「ホームズ、実は話があって来たんだ」スタンフォードは背の高い三脚スツールに腰かけ、私のほうへ別のスツールを足で押しやった。「ワトスンさんは下宿を探しているそうだ。ちょうどきみも家賃を折半してくれる相手がいなくて困ってただろう? だから、紹介しようと思ってね」
シャーロック・ホームズは私と部屋を共同で借りる案に乗り気のようだった。「ベイカー街にこれはと思う部屋を見つけたんですよ。僕らにはぴったりだと思うな。強い煙草の匂いは気になりますか?」
「いいえ、ぼくも〈シップス〉を吸っていますから」私は答えた。
「だったら問題ない。あと、僕は化学薬品を部屋に置いて、たまに実験をやるんですが、そういうのは迷惑ですか?」
「ちっともかまいませんよ」
「じゃあ、ええと──ほかになにがあったかな、僕の欠点は。ああ、そうだ、たまにふさぎこむことがあって、何日も口をきかなくなります。でも怒っているわけじゃないので、気にせず放っておいてください。じきにもとに戻りますから。きみのほうはどうです? 白状することはありませんか? 一緒に住むとなれば、互いの欠点をしっかり把握しておいたほうがいいですからね」
そんなふうに尋問口調で訊きかれ、私は思わず笑った。「ブルドッグの子犬を飼っています。それから、神経がまいっているので騒音は困りますね。起床時間は不規則で、かなりの無精者です。元気なときなら短所はまだいくらでもありますが、さしあたってはこれくらいかな」
「ヴァイオリンを弾くのは、きみにとって騒音なんだろうか?」ホームズは気遣わしげに訊いた。

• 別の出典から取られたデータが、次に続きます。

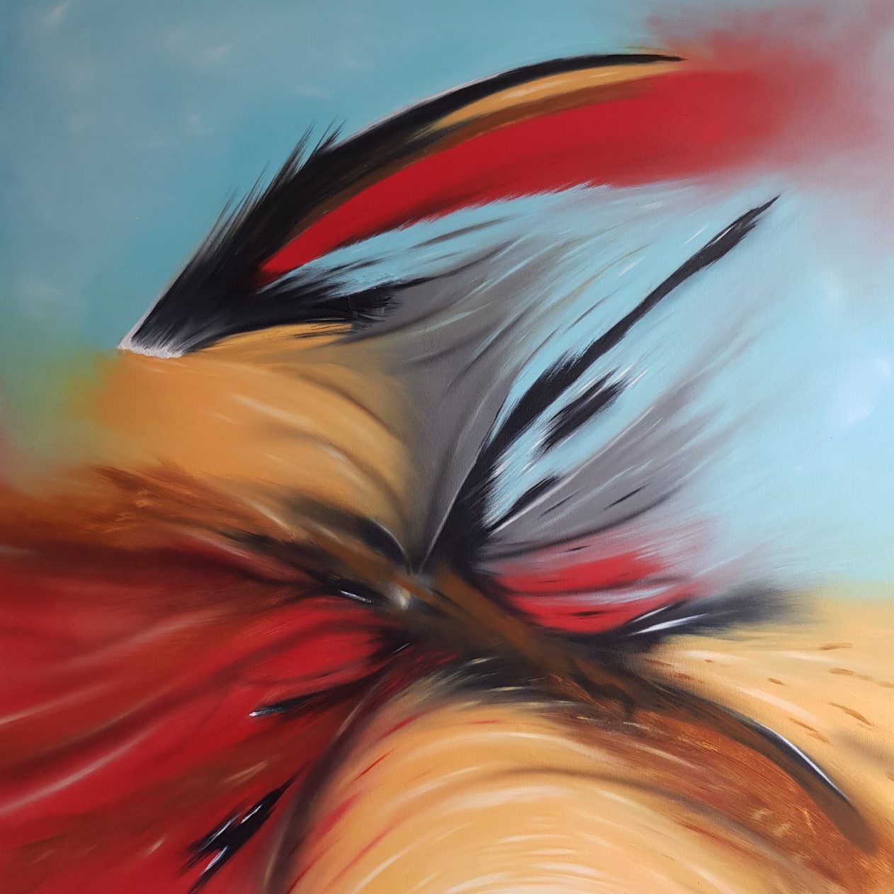 Een globale impressie van het schilderij "Dauntless Spirit" 100x100cm.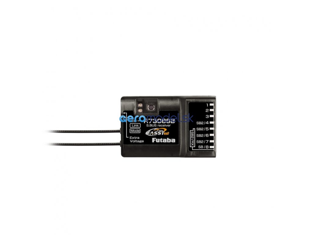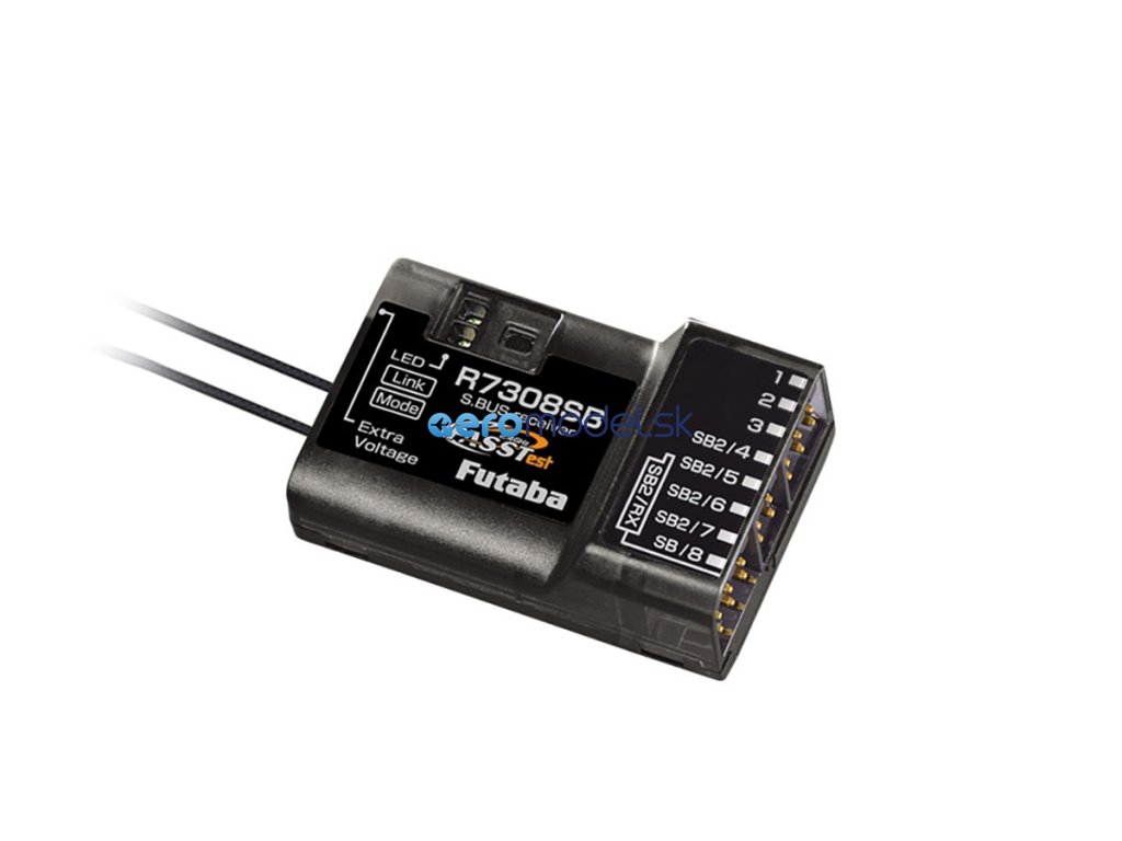 Osmikanálový telemetrický přijímač Futaba přenosového systému FASSTest-2.4GHz s dvojicí diverzitních antén s plným dosahem. Je určen pro všeobecné použití v modelech všech kategorií; díky kompaktním rozměrům, nízké hmotnosti a konektorům zasouvaným v podélné ose je vhodný i pro modely se štíhlým trupem, jako jsou větroně F3B, F3J apod. Díky volitelným kanálovým režimům a možnosti dvoupřijímačového provozu výborně poslouží i v modelech vyžadujících velký počet kanálů – v takovém případě dvojice R7308SB poskytne až 16 klasických PWM kanálových výstupů nebo 14-15 PWM výstupů a 1-2 S.BUS sériové výstupy. Kromě toho je přijímač vybaven portem S.BUS2 pro obousměrnou komunikaci umožňující připojení S.BUS2 serva, telemetrických čidel a dalších kompatibilních zařízení, jako S.BUS2 porty mohou sloužit také zásuvky kanálů 4-7. Provozní stavy přijímače jsou signalizovány LED indikátorem.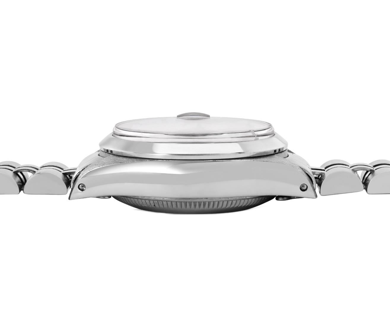 One Rolex Ladies Pre Owned Stainless Steel Date Wristwatch Polished Bright with Satin Finish, Serviced and Electronically Tested, Stainless Steel Case: 26mm, Stainless Steel Crown, Rolex Bezel: Stainless Steel Smooth Bezel, Custom Crystal: New Acrylic With Magnifying Date Window. Custom Hands: New Solid Hands. Rolex Movement: Automatic Winding Movement 2035. Custom Dial: Custom White Dial With Added Diamond Hour Markers, Dash Tracks, And Lumi Dots, Diamond Count: 10 Diamonds On Dial. Date Window: 3 O'Clock Position Date Display, Model: Date. Condition: G-6 Extra Fine. Rolex Bracelet: Stainless Steel Jubilee Band. Bright Polish and Satin Finish. 6.0 Inch Length, Adjustable. Standard Clasp, With Rolex Logo. This Watch Has Been Serviced Time Tested And Is In Excellent Condition. It Is Free Of All Scratches And Dents.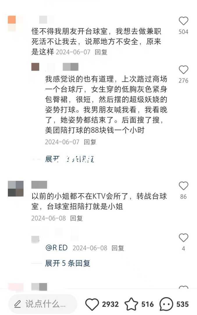有网友爆料称,台球陪练不仅穿着暴露,消费价格也十分昂贵。更有网友留言说:“老公每月在台球室消费上万,纯打球怎可能这么烧钱?”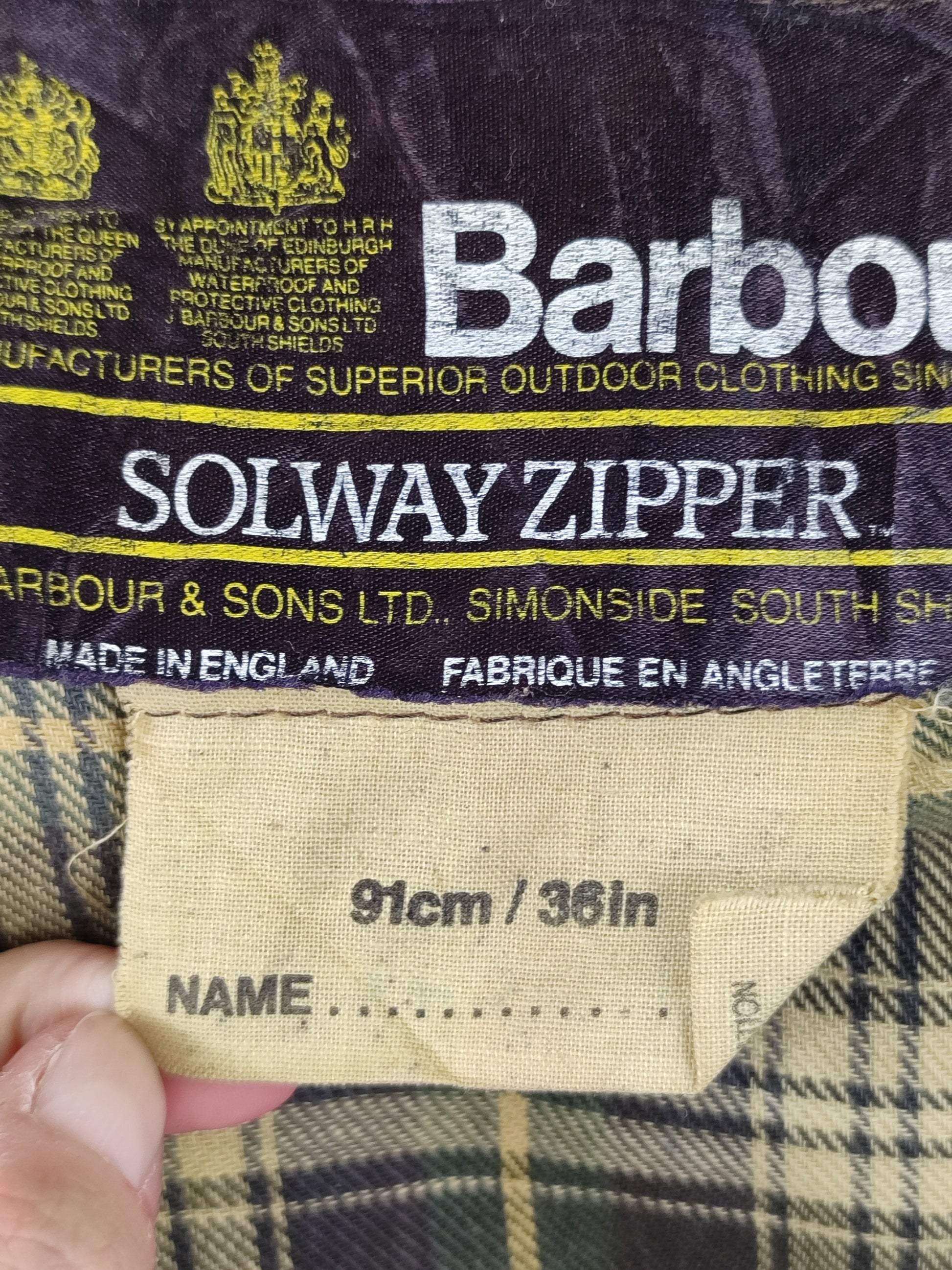 RARA Giacca Vintage Barbour Solway Zipper della fine degli anni 80 a due corone

「弾く人によります。上手な人の演奏なら至福の調べでしょうが、下手な人だと……」
「ああ、それなら心配ないですね」ホームズは快活に笑った。「これで話は決まったも同然──あとは、きみがあの部屋を気に入るかどうかです」
「いつ見に行きますか?」
「明日の正午にここへ来てください。二人で現地へ出かけて、必要な手続きを全部済ませてしまいましょう」
「わかりました。では明日の正午に」私は彼と握手を交わした。
薬品を並べて実験を続けるホームズを残し、スタンフォードと私は部屋をあとにした。外に出ると、連れ立って私のホテルの方角へ歩きだした。
「ああ、そういえば」私はふと思い出して足を止め、スタンフォードを振り向いた。「彼はどうしてぼくがアフガニスタン帰りだとわかったんだろう?」
スタンフォードは含み笑いして言った。「そこがあの男の一風変わっ
たところなんです。どうしてあんなふうにいろんなことがわかるのか、みんな不思議がっていますよ」
「なるほど、謎というわけか!」私はわくわくしながら手をこすり合わせた。「興味をそそられるね! 紹介してくれてありがとう、恩に着るよ。〝人間がなすべき研究の対象は人間である〟(訳注:イギリスの詩人アレグザンダー・ポープの言葉)とはよく言ったものだ」
「じゃあ、せいぜい彼の研究に勤いそしんでください」スタンフォードは別れ際に言った。「ただし、一筋縄ではいかない相手ですから覚悟がいりますよ。逆にワトスンさんが研究されることのほうが多いんじゃないかと予想しますがね。では、ここで失礼」
「ああ、また会おう」ホテルへとぶらぶら歩きながら、私は新しい知人のことを考えて胸が高鳴った。